Observe that the last two digits of 7^2 are 49, the last two digits of 7^3 are 43, the last two digits of 7^4 are 01, and the last two digits of 7^5 are 07. Prove that the last two digits of 7^201 are 07.

7^2 = ...49
7^3 = ...43
7^4 = ...01
7^5 = ...07

7^201 = ...07

Break 201 into a product of primes. Hint: 201 is divisible by 3.

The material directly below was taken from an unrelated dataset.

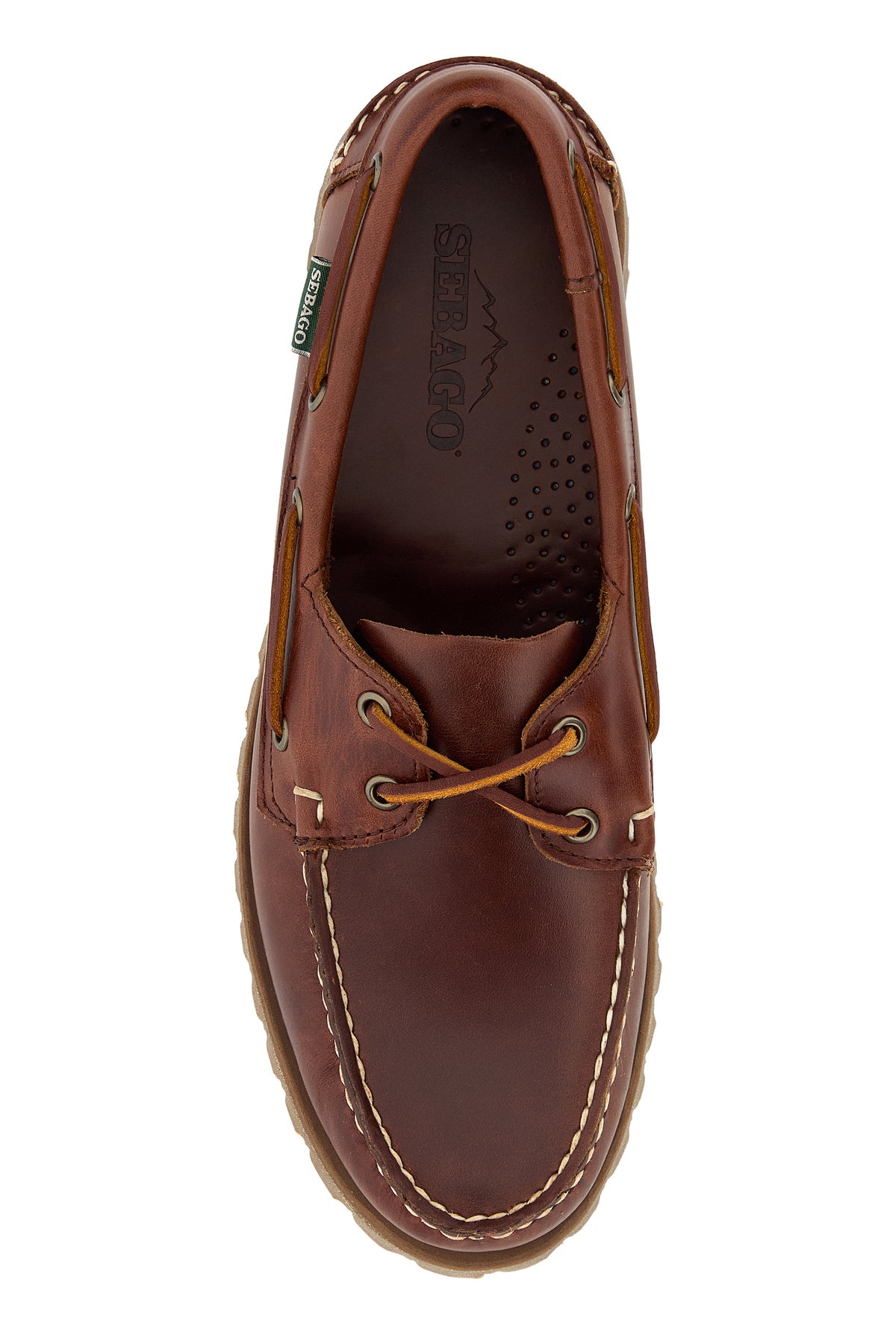 Loafers realized in vintage-effect leather enriched by logoed label on the side.

Yes, but what would I do with 67 and 3?

You should use modular arithmetic. This works as follows. On the set of integers you define a so-called equivalence relation E which in this case is:

n1 E n2 if n1 - n2 = 100*k

where k is an integer. So, two integers are equivalent if they differ by a miltiple of 100.

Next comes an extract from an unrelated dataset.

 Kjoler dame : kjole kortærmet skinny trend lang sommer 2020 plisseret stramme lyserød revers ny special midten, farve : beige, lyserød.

We then use the notation [n] for the set of all integers that are related to n via the equivalence relation.

So, e.g. [3] = {....,-97,3,103,...}

There are then 100 such sets:

[0], [1], [2], ..., [99].

Note that [100] and [0] are the same sets.

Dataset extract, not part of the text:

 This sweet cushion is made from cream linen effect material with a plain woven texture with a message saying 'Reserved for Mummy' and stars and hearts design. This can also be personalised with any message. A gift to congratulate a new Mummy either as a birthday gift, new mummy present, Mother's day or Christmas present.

On the set M = {[0],[1],...[99]} (the so-called quotient set) you can define addition and multiplication:

[n1] + [n2] = [n1 + n2]

[n1]*[n2] = [n1*n2]

Modular artithmetic is just doing calculations on the set M. You can write that [102] = [2] instead of saying that 102 is related to 2. Another notation is:

102 = 2 Mod(100)

Anyway, modular artithmetic (modulo 100 in tis case) allows you to calculate what you want. If we delete the square brackets (or the Mod symbol):

7^4 = 1

Raise both sides to the 50-th power

7^200 = 1

and then multiply by 7:

7^201 = 7

In the general case where you have to compute:

X^Y Mod N

and there are no obvious shortcuts, it is simplest to write down the binary representaton of Y:

Y = a_{r} 2^r + a_{r-1}2^(r-1) + ..

where the a_{r} are either 1 or zero.

This means that:

Y = 2^(r1) + 2^(r2) + ...

for some r1 > r2 > ...

You can then write:

X^Y = X^[2^(r1)]*X^[2^(r2)]

So, all you have to do is to raise X to the appropriate powers of two and then multiply these things together. Raising X to such powers can be done by repeatedly squaring X.

E.g. what is

2^(1133) Mod 41?

Expand 1133 in binary system. You can do that easily by subtracting 1 if you can't divide by 2 and then dividing by 2 repeatedly until the number becomes odd, subtracting 1 again and repeating the process:

1133 = 1 + 1132

1132 = 4*283

283 = 1 + 2*141

141 = 1 + 4*35

35 = 1 + 2*17

17 = 1 + 16

1133 = 1 + 4*(1 + 2*(1+4*(1+2*(1+16))))=

1 + 4 + 8 + 32 + 64 + 1024

Note that the powers of two you get in here are just the "cumulative" product of the factors of two you get when you work your way through reducing 1133 by repeatedly subtracting 1 and dividing by two.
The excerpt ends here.